What needs to be done
Look through the material below and report every line that includes "over".
● ● ●
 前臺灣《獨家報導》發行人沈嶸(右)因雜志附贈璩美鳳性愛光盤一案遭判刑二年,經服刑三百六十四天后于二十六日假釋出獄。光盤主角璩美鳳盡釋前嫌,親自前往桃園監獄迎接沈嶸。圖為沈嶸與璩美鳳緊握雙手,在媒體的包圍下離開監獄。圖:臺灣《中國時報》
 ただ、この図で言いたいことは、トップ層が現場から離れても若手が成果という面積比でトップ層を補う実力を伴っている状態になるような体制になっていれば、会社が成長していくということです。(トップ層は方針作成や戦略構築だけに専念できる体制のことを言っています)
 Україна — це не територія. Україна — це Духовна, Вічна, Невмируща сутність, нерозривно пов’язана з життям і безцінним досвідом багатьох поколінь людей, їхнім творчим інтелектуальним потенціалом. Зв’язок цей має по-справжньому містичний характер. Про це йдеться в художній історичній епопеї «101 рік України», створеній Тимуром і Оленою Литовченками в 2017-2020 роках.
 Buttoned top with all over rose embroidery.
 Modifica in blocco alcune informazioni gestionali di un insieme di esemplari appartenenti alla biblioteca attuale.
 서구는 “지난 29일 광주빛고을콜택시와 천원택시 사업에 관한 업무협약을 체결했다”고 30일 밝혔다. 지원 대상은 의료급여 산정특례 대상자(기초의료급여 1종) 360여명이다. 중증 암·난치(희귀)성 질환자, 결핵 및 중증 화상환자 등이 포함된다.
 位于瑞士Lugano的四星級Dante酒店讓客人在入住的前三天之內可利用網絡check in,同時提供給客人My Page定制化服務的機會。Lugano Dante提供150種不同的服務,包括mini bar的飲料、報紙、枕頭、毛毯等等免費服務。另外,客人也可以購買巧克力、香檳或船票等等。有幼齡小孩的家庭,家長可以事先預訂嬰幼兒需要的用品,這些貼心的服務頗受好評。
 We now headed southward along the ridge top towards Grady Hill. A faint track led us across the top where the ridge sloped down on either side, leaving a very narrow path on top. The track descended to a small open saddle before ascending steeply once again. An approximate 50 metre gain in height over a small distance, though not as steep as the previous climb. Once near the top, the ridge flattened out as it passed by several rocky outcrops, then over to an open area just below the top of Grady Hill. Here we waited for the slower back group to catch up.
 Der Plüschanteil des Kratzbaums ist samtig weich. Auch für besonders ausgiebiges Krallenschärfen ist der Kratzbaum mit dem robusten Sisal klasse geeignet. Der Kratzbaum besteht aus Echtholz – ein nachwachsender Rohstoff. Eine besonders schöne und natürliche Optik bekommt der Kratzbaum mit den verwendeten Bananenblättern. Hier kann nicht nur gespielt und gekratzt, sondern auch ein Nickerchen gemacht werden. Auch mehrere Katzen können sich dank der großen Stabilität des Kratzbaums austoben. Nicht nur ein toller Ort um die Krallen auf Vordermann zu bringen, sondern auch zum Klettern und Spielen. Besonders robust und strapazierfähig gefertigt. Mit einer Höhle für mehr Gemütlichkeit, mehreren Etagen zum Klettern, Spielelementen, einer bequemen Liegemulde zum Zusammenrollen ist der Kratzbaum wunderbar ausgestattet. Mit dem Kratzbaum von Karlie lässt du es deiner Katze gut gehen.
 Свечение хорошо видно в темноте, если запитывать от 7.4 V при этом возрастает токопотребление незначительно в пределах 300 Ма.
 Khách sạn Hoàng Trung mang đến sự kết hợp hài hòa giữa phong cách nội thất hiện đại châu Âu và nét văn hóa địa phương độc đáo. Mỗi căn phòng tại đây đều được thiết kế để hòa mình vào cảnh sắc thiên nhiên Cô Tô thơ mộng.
● ● ●
Your solution
 Buttoned top with all over rose embroidery.
 We now headed southward along the ridge top towards Grady Hill. A faint track led us across the top where the ridge sloped down on either side, leaving a very narrow path on top. The track descended to a small open saddle before ascending steeply once again. An approximate 50 metre gain in height over a small distance, though not as steep as the previous climb. Once near the top, the ridge flattened out as it passed by several rocky outcrops, then over to an open area just below the top of Grady Hill. Here we waited for the slower back group to catch up.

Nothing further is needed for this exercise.